▸ What you need to do
Reproduce every record below exactly, without the pictures.

▸ Data section

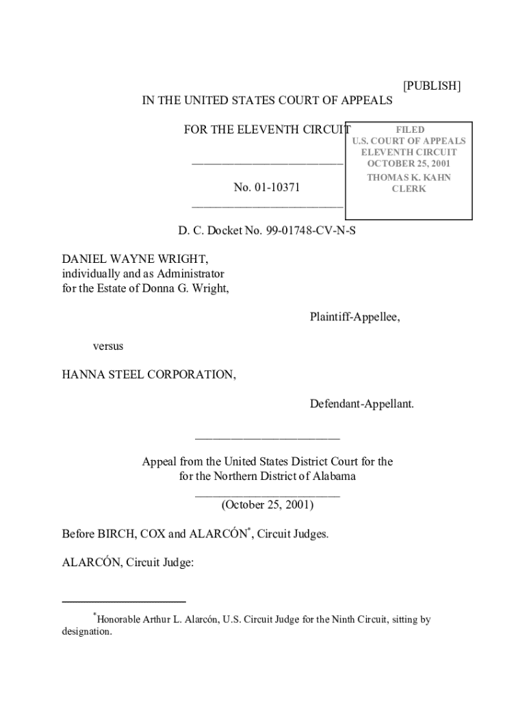 [PUBLISH] IN THE UNITED STATES COURT OF APPEALS FOR THE ELEVENTH CIRCUIT ___ No. 0110371 ___FILED U.S. COURT OF APPEALS ELEVENTH CIRCUIT OCTOBER 25, 2001 THOMAS K. KAHN CLERKD. C. Docket No. 9901748CVNS
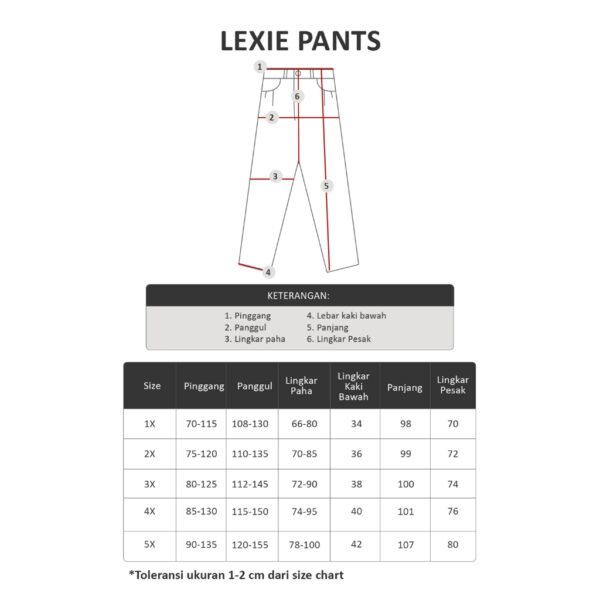 Size (Lingkar pinggang x Lingkar panggul x Lingkar paha x Panjang x Lingkar kaki bawah x Lingkar pesak)
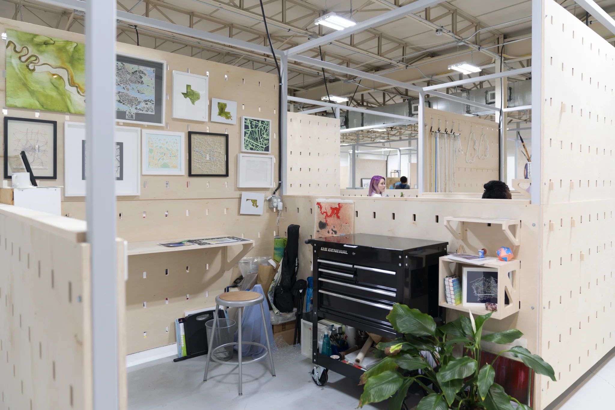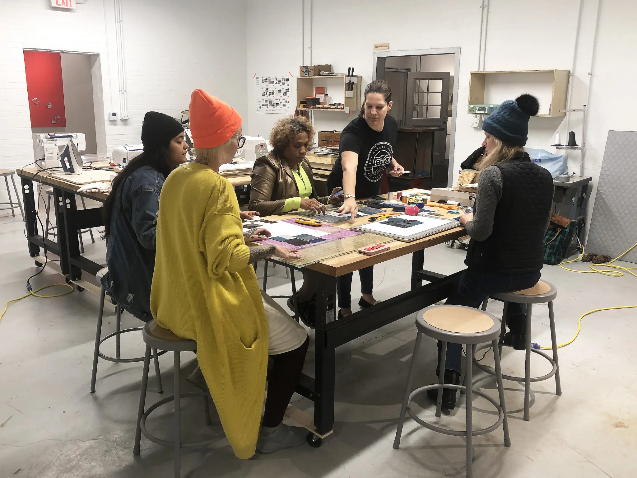 - A fabrication lab with tools and equipment including a Juki industrial sewing machine, basic photography lighting, projector, a letterpress, small etching press, workspace tables on casters, easels, and more
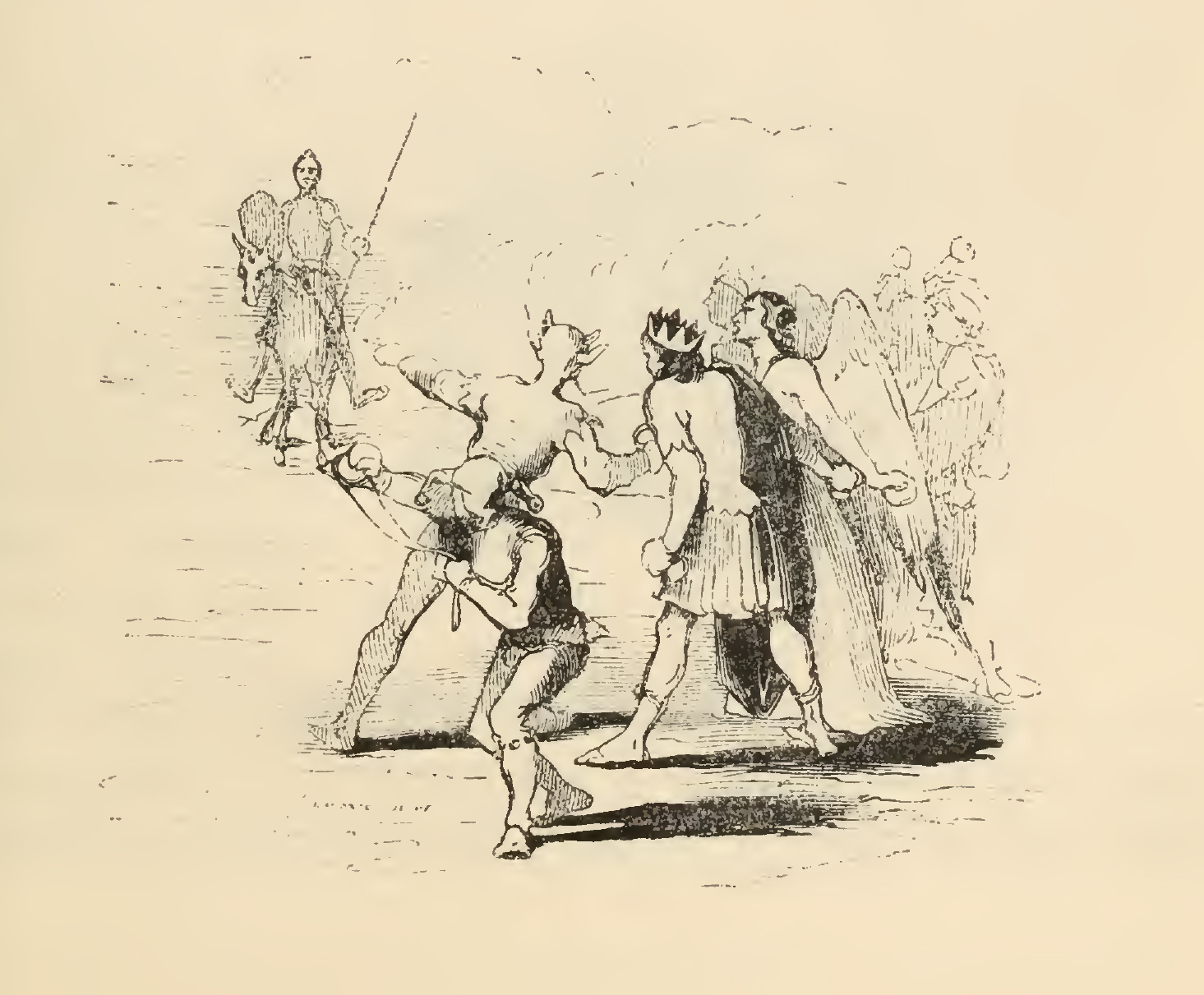Don Quixote (left in the background), clad in armor with a lance and shield by his side, mounted upon Rocinante, chases after the cart of players that have wronged him and his squire, yelling out at them for their treachery. Hearing these cries, the players jump out of their cart, every one from the angel to he who was dressed as death, and cupid, and the devil, all of them taking up stones and preparing themselves for battle, waiting to receive Don Quixote.
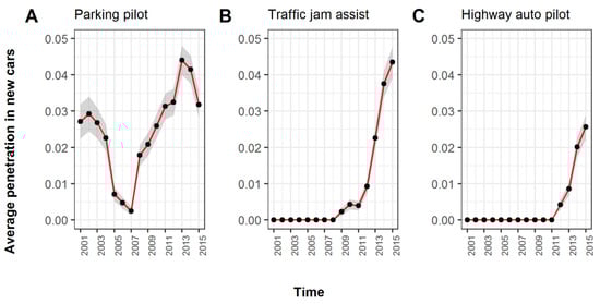 Essentially, the penetration of all ECS in group B remained well below 5% during the study period. The traffic jam assist (Figure 4B) started penetrating in 2009 while the highway autopilot (Figure 4C) started penetrating in 2012. Both penetrations still remained below 5% and 3% in 2015, respectively. This is in agreement with the early state of innovation for these technologies as well as with current safety regulations restraining the broad use of autonomous cars [39,40].
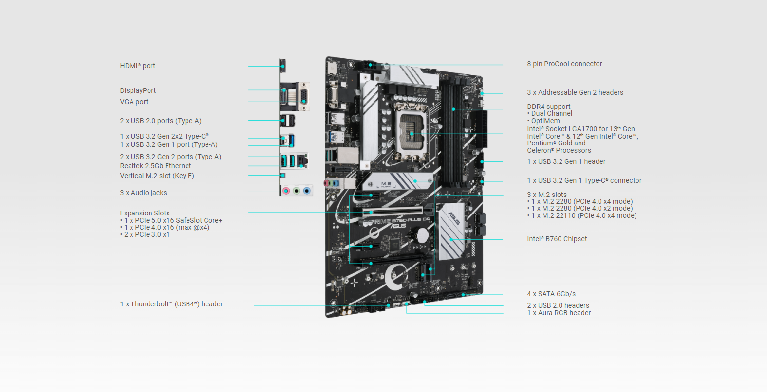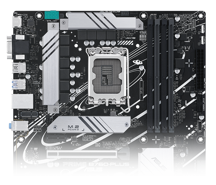 The PRIME B760-PLUS D4 motherboard is built to handle the high core counts and bandwidth demands of 13th Gen Intel Core Processors. ASUS B760 motherboard provides all the fundamentals to boost daily productivity, so your system will be ready for action with stable power, intuitive cooling and flexible data transfer options.

▸ Task response
 [PUBLISH] IN THE UNITED STATES COURT OF APPEALS FOR THE ELEVENTH CIRCUIT ___ No. 0110371 ___FILED U.S. COURT OF APPEALS ELEVENTH CIRCUIT OCTOBER 25, 2001 THOMAS K. KAHN CLERKD. C. Docket No. 9901748CVNS
 Size (Lingkar pinggang x Lingkar panggul x Lingkar paha x Panjang x Lingkar kaki bawah x Lingkar pesak)
 - A fabrication lab with tools and equipment including a Juki industrial sewing machine, basic photography lighting, projector, a letterpress, small etching press, workspace tables on casters, easels, and more
Don Quixote (left in the background), clad in armor with a lance and shield by his side, mounted upon Rocinante, chases after the cart of players that have wronged him and his squire, yelling out at them for their treachery. Hearing these cries, the players jump out of their cart, every one from the angel to he who was dressed as death, and cupid, and the devil, all of them taking up stones and preparing themselves for battle, waiting to receive Don Quixote.
 Essentially, the penetration of all ECS in group B remained well below 5% during the study period. The traffic jam assist (Figure 4B) started penetrating in 2009 while the highway autopilot (Figure 4C) started penetrating in 2012. Both penetrations still remained below 5% and 3% in 2015, respectively. This is in agreement with the early state of innovation for these technologies as well as with current safety regulations restraining the broad use of autonomous cars [39,40].
 The PRIME B760-PLUS D4 motherboard is built to handle the high core counts and bandwidth demands of 13th Gen Intel Core Processors. ASUS B760 motherboard provides all the fundamentals to boost daily productivity, so your system will be ready for action with stable power, intuitive cooling and flexible data transfer options.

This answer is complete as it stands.